El vocero presidencial Adrián Ravier negó haber definido a la Argentina como un «país bananero» y aseguró que sus declaraciones fueron «malinterpretadas». Además, afirmó que el Gobierno no cuestionó a la Selección argentina por la bandera vinculada al reclamo de soberanía sobre las Islas Malvinas durante el Mundial 2026 y rechazó haber criticado a Lionel Messi.
Durante su conferencia de prensa en Casa Rosada, Ravier explicó el sentido del mensaje que publicó en redes sociales durante el fin de semana y sostuvo que sus dichos apuntaban a cuestionar la situación económica y social heredada por la administración de Javier Milei.
«Nunca dije que Argentina es un país bananero; fue una mala interpretación de algunos medios. Señalé que, si lo fuera, no podríamos recuperar Malvinas, y critiqué al kirchnerismo por el daño económico y social causado», afirmó el funcionario.

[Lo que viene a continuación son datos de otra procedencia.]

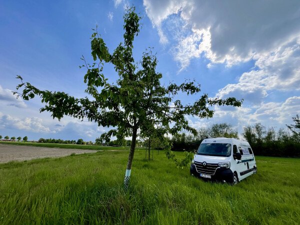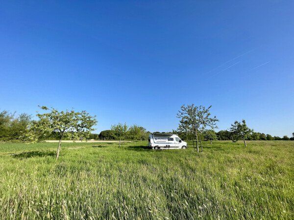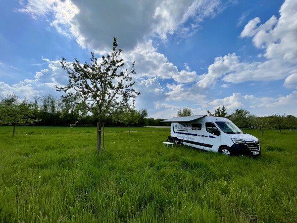 Hübscher Wohnmobilstellplatz auf einer saftig grünen Wiese mit herrlichem Ausblick

El vocero agregó que respalda el rumbo elegido por la administración libertaria y pidió analizar sus declaraciones completas. «Apoyo el camino de Milei para que Argentina crezca y mejore su posición internacional», sostuvo.
Defensa del reclamo por Malvinas y respaldo a la Selección
Uno de los ejes de la conferencia fue la polémica generada por la bandera con una leyenda vinculada al reclamo argentino sobre las Islas Malvinas que exhibieron jugadores de la Selección durante el Mundial.
Ravier aseguró que el Gobierno no cuestionó al plantel argentino y destacó la visibilización internacional que obtuvo la causa.
«La visibilización que obtuvo el tema Malvinas en el entorno del Mundial se ha incrementado muchísimo. Una parte del mundo que desconocía el tema se enteró realmente de que este reclamo existe. Pudimos volver a poner el tema sobre la mesa», afirmó.
En ese sentido, destacó el trabajo del canciller Pablo Quirno y sostuvo que la postura oficial continúa siendo la defensa del reclamo argentino por las islas.
«El Gobierno de ninguna manera cuestiona a los jugadores», remarcó.
Además, negó haber realizado críticas contra Lionel Messi luego de que el capitán argentino afirmara tras el partido frente a Inglaterra que existen ciudadanos que «no llegan a fin de mes».
«Yo le cuestioné a Messi alguna cosa: es falso», sostuvo el portavoz presidencial.
La economía, según la visión oficial
Durante la conferencia, Ravier también respondió consultas sobre la situación económica y las críticas vinculadas a la pérdida de poder adquisitivo registrada durante los primeros meses de la gestión de Javier Milei.
El funcionario defendió el programa económico y explicó que el Gobierno recibió una economía con atraso cambiario que obligó a realizar una fuerte corrección.
«Desde diciembre del 2023, la Argentina tenía un tipo de cambio muy atrasado. Tuvimos una devaluación del 118% para llevar el tipo de cambio a $800», señaló.
Según Ravier, ese ajuste inicial tuvo un impacto directo sobre los ingresos de los trabajadores.
«Empezar con una devaluación del 118% técnicamente te hunde los salarios reales a un pozo. Los argentinos la pasamos muy mal en el primer trimestre de 2024 porque nuestros ingresos habían caído fuertemente», reconoció.
Sin embargo, aseguró que desde ese momento comenzó una recuperación gradual.
«Desde ese momento a hoy los salarios reales crecen, y todos los sectores económicos crecen: el consumo, la construcción, todos crecen desde el pozo en el que nos dejaron», afirmó.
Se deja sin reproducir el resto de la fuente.